RE: [MORPHMET] Interpreting PCA results

F. James Rohlf Sun, 14 May 2017 17:39:07 -0700

I agree with these comments but would like to add another point. I prefer to 
think that the purpose of the PCA is to produce a low-dimension space that 
captures as much of the overall variation (in a least-squares sense) as 
possible. Within that space there is no need to limit the visualizations to the 
extremes of each axis – one can investigate any direction within that space if 
there is a pattern in the data that suggests an interesting direction. The 
directions of the axes are mathematical constructs and not bases on any 
biological principles. Perhaps one sees some clusters in the PCA ordination but 
the variation within or between clusters need not be parallel to one of the PC 
axes. One can then look in other directions. That is why the tpsRelw program 
allows one to visualize any point in the ordination space – not just parallel 
to the axes. That means for publication one has to decide which directions are 
of interest – not just mechanically display the extremes of the axes.


 

----------------------

F. James Rohlf New email: f.james.ro...@stonybrook.edu

Distinguished Professor, Emeritus. Dept. of Ecol. & Evol.

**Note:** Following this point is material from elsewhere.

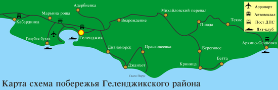 Дивноморское - поселок на берегу Черного моря, в 8 км к юго-востоку от Геленджика. Старое название поселка (до 1964 г.) — Фальшивый Геленджик. Фредерик Дюбуа де Монпере, швейцарский француз, автор шеститомного "Путешествия вокруг Кавказа", опубликованного в 1839-1843 гг. в Париже, называл это местечко Ложный Геленджик. Бухта в устье р. Мезыб при взгляде со стороны моря имеет некоторое сходство с Геленджикской бухтой. Бытует легенда, что во время Кавказской войны, после основания Геленджикского укрепления (1831 г.) турецкая эскадра, скрытно подошедшая к Геленджику ночью, была дезориентирована сигнальными огнями, разожженными в устье р. Мезыб, и обрушила всю огневую мощь корабельной артиллерии на это пустынное в то время место. В результате Геленджикское укрепление осталось нетронутым, а устьевая часть долины р. Мезыб и образовавшийся здесь впоследствии поселок стали называться Фальшивым Геленджиком.

& Research Professor. Dept. of Anthropology

Stony Brook University 11794-4364

WWW: http://life.bio.sunysb.edu/morph/rohlf

P Please consider the environment before printing this email 

 

From: K. James Soda [mailto:k.jamess...@gmail.com] 
Sent: Sunday, May 14, 2017 7:28 PM
To: dsbriss_dmd <orthofl...@gmail.com>
Cc: MORPHMET <morphmet@morphometrics.org>
Subject: Re: [MORPHMET] Interpreting PCA results

 

Dear David,

Great question!  I disagree with the statement that the samples' variance in 
shape space is not biologically real or, perhaps more accurately, is less real 
than the variance in any other space.  As far as I see it, the basic strategy 
in any biostatistical study, be it GM or otherwise, is that a researcher 
represents a real biological population as an abstract statistical population.  
They then use this abstract statistical population as a proxy for the real one 
so that inferences in the statistical space have implications for the real 
world.  

For example, a PCA finds a direction in the statistical space in which the 
statistical population tends to be spread out.  This is interesting to the 
researcher because this direction has a correspondence to certain real world 
variables.  As a result, the PCA tells the researcher in what ways the real 
population tends to vary.  The key point, though, is that the researcher 
transitioned from the statistical space to the real world.

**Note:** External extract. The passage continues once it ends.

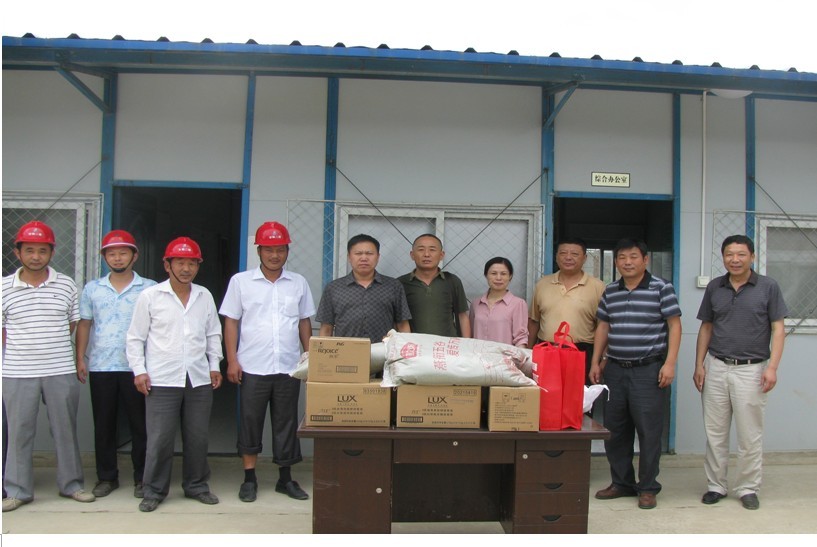 7月19日上午,集團公司總法律顧問申玉恩在集團保衛部信訪辦主任龔志酬、紀委專職委員潘琳和安徽二建公司黨委書記朱治淮、工會主席李林等陪同下,來到二公司承建的安徽省女子監獄遷建工程項目部“送清涼”。申總一行為工地送去了綠豆、白糖、香皂、毛巾、人丹、風油精等防暑降溫用品,并要求項目部在高溫期間要合理安排作息時間,抓好安全管理,做好項目部人員的防暑降溫工作。

Moving from shape space to the real world is no different in principle.  We 
have a real population of specimens, whose shape are of interest to us, and we 
represent them using vectors of shape variables.  The vectors are abstractions; 
it is not as if we can hold a vector in our hands.  However, this is irrelevant 
because they are just proxies, no less real than any other quantitative 
representation.  What matters is if we can tie them back to the real world.  
This is why morphometricians implement a visualization step.  In a PCA, the PCs 
describe how our proxies vary, and we visualize in order to see how this 
variation appears in the real world.  It is infeasible to visualize every point 
along this axis, so we instead visualize a handful.  Since the core goal in PCA 
(at least in this context) is to describe variance, we generally describe the 
locations where a visualization occurs in units of standard deviations from the 
mean.  We could use absolute distances along an axis, but this is probably more 
arbitrary than standard deviation units.  The standard deviations come from the 
data's distribution, whereas the absolute distance is really only well-defined 
in the mathematical space.

To summarize: i) Nearly all quantitative analyses involve an abstraction to a 
mathematical space.  ii) The description of points in a mathematical space is 
useful to the researcher because the researcher is able to translate the 
abstract mathematical space into a real world interpretation.  iii) In GM, the 
shape variables are traditionally translated into the real world via 
visualization.  Ergo, morphometricians often interpret PCA results via 
visualizations along individual PCs.  To aid in interpretation, this tends to 
occur in standard deviation units because the standard deviation is more easily 
tied to the real world relative to arbitrary selecting a unit of distance.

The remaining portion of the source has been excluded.